Data excerpts:

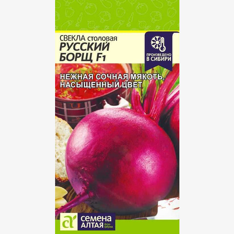 Среднеранний (95-100 дней) гибрид. Корнеплод округлый, массой 120-170 г. Мякоть приятного, темно-бордового цвета, очень сочная и нежная. Гибрид не критичен к почвам. Обладает великолепным свойством - не теряет цвет при термообработке. Место посадки: предпочитает плодородные рыхлые нейтральные почвы. Посев проводят после томата, перца, огурцов, гороха, фасоли Освещение: обильное, плохо переносит затенение Предпосевная подготовка: не требуется Сроки посева: после прогревания почвы до 12..15°С (апрель-май) Посев на рассаду: не предусмотрен Посев в грунт: семена высевают на глубину 2-4 см. Для получения крупных корнеплодов схема посадки 20х45 см. Для средних и мелких корнеплодов посев проводят на расстоянии 3-4 см между растениями и не прореживают Пикировка/перевалка: не предусмотрена Уход: требуется регулярный, но умеренный полив. Хорошо отзывается на внесение фосфорных и калийных удобрений, чувствительна к недостатку бора. При закладке на хранение корнеплоды пересыпают увлажненным песком Сбор урожая: проводят до наступления первых осенних заморозков
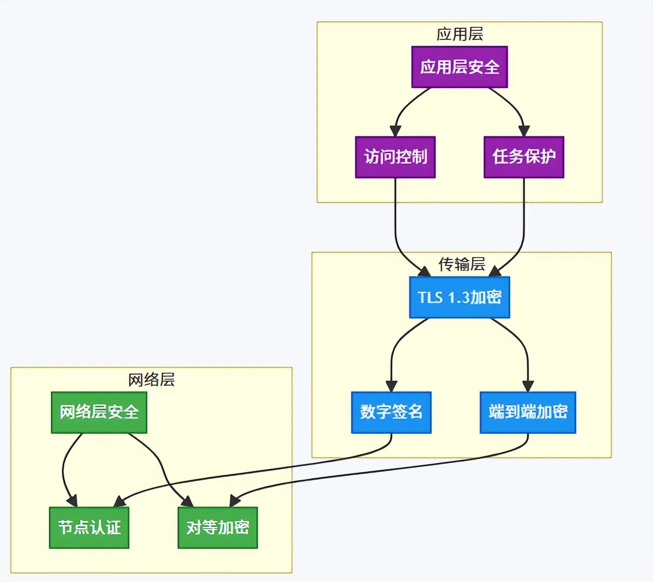 网络层 传输层 应用层 网络层安全 节点认证 对等加密 TLS 1.3加密 数字签名 端到端加密 应用层安全 访问控制 任务保护
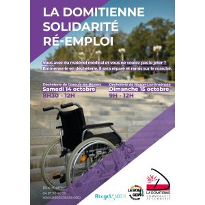 Samedi 14 octobre – Déchèterie de Cazouls-lès-Béziers – 8H30 à 12H Dimanche 15 octobre – Déchèterie de Nissan-Lez-Ensérune – 9H à 12H Vous avez du matériel médical et vous ne voulez pas le jeter? Emmenez-le en déchèterie au stand Le Bon Sens du Ré-Emploi. Il sera réparé et remis sur le marché.
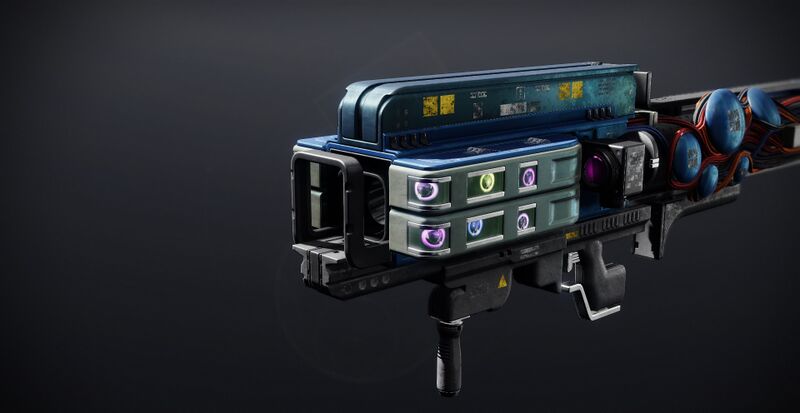 This image is a screenshot of a weapon from the Destiny series of first-person shooter video games developed by Bungie Studios and published by Bungie or Activision. It falls under the screenshot category for a copyrighted computer game or video game, and the copyright for it is most likely held by the company that developed the game. It is believed that the use of a limited number of web-resolution screenshots:
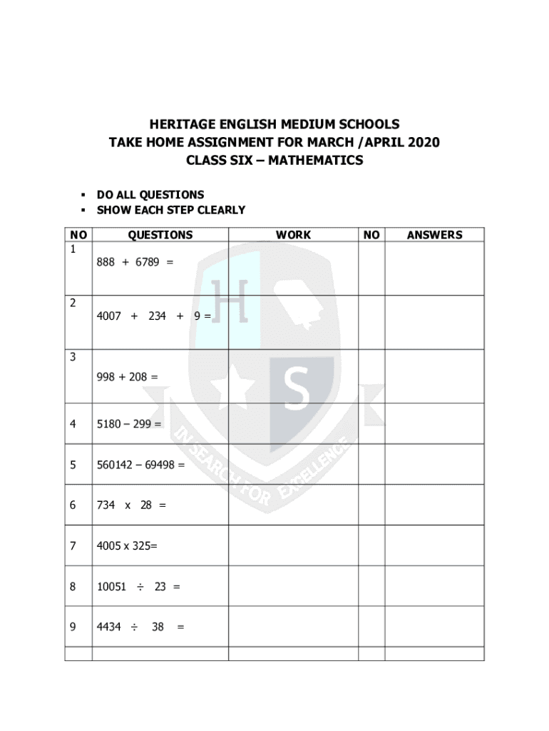 HERITAGE ENGLISH MEDIUM SCHOOLS TAKE HOME ASSIGNMENT FOR MARCH /APRIL 2020 CLASS SIX MATHEMATICS NO 12DO ALL QUESTIONS SHOW EACH STEP CLEARLY QUESTIONS 888 + 6789 4007 + 234 + 9 3 998 + 208 45180
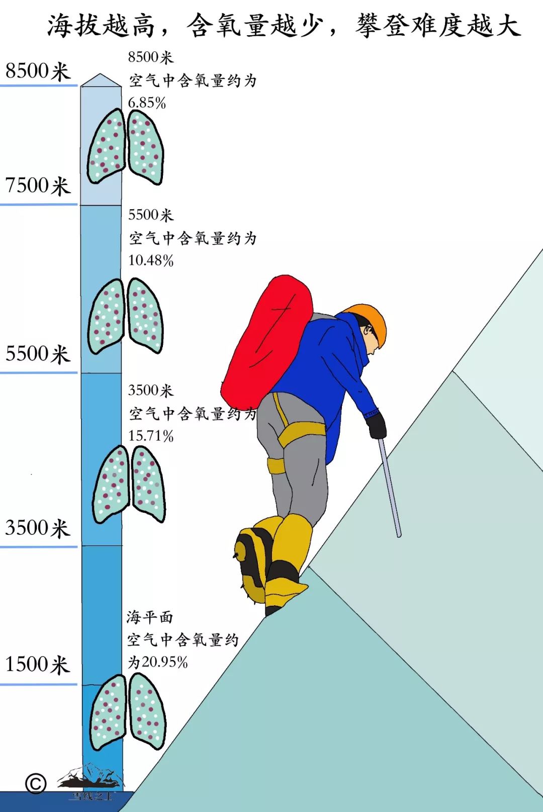 海拔之所以能判断该山峰的难度,首先是因为海拔越高,山体越大,攀登越费劲。其次海拔越高,空气中的含氧量就越少。
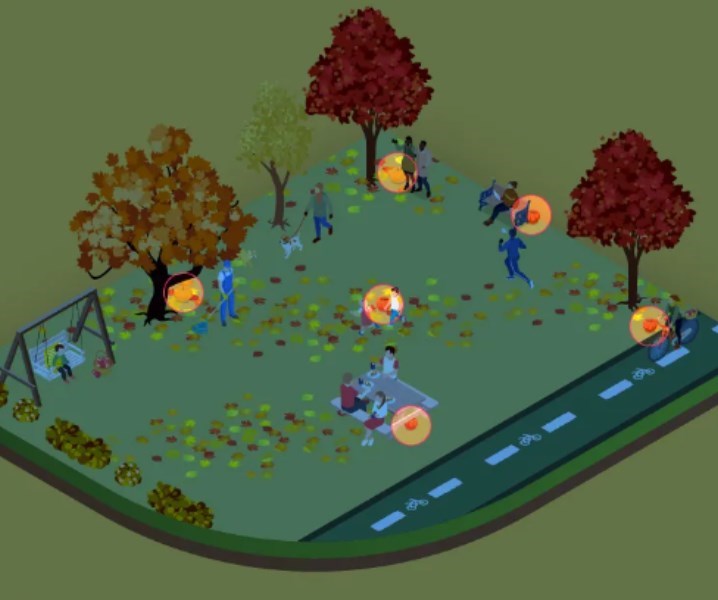 Das Bild zeigt einen herbstlichen Spielplatz, auf dem Menschen und Kinder herumlaufen. Jeder ist mit seinen eigenen Dingen beschäftigt, aber neben einigen von ihnen stehen die Kürbisse, die wir suchen.

▶ **Task statement**:
With pictures left out, transcribe each line from the one containing "This image is" through the end of the data, both ends included.

▶ **Output for this task**:
 This image is a screenshot of a weapon from the Destiny series of first-person shooter video games developed by Bungie Studios and published by Bungie or Activision. It falls under the screenshot category for a copyrighted computer game or video game, and the copyright for it is most likely held by the company that developed the game. It is believed that the use of a limited number of web-resolution screenshots:
 HERITAGE ENGLISH MEDIUM SCHOOLS TAKE HOME ASSIGNMENT FOR MARCH /APRIL 2020 CLASS SIX MATHEMATICS NO 12DO ALL QUESTIONS SHOW EACH STEP CLEARLY QUESTIONS 888 + 6789 4007 + 234 + 9 3 998 + 208 45180
 海拔之所以能判断该山峰的难度,首先是因为海拔越高,山体越大,攀登越费劲。其次海拔越高,空气中的含氧量就越少。
 Das Bild zeigt einen herbstlichen Spielplatz, auf dem Menschen und Kinder herumlaufen. Jeder ist mit seinen eigenen Dingen beschäftigt, aber neben einigen von ihnen stehen die Kürbisse, die wir suchen.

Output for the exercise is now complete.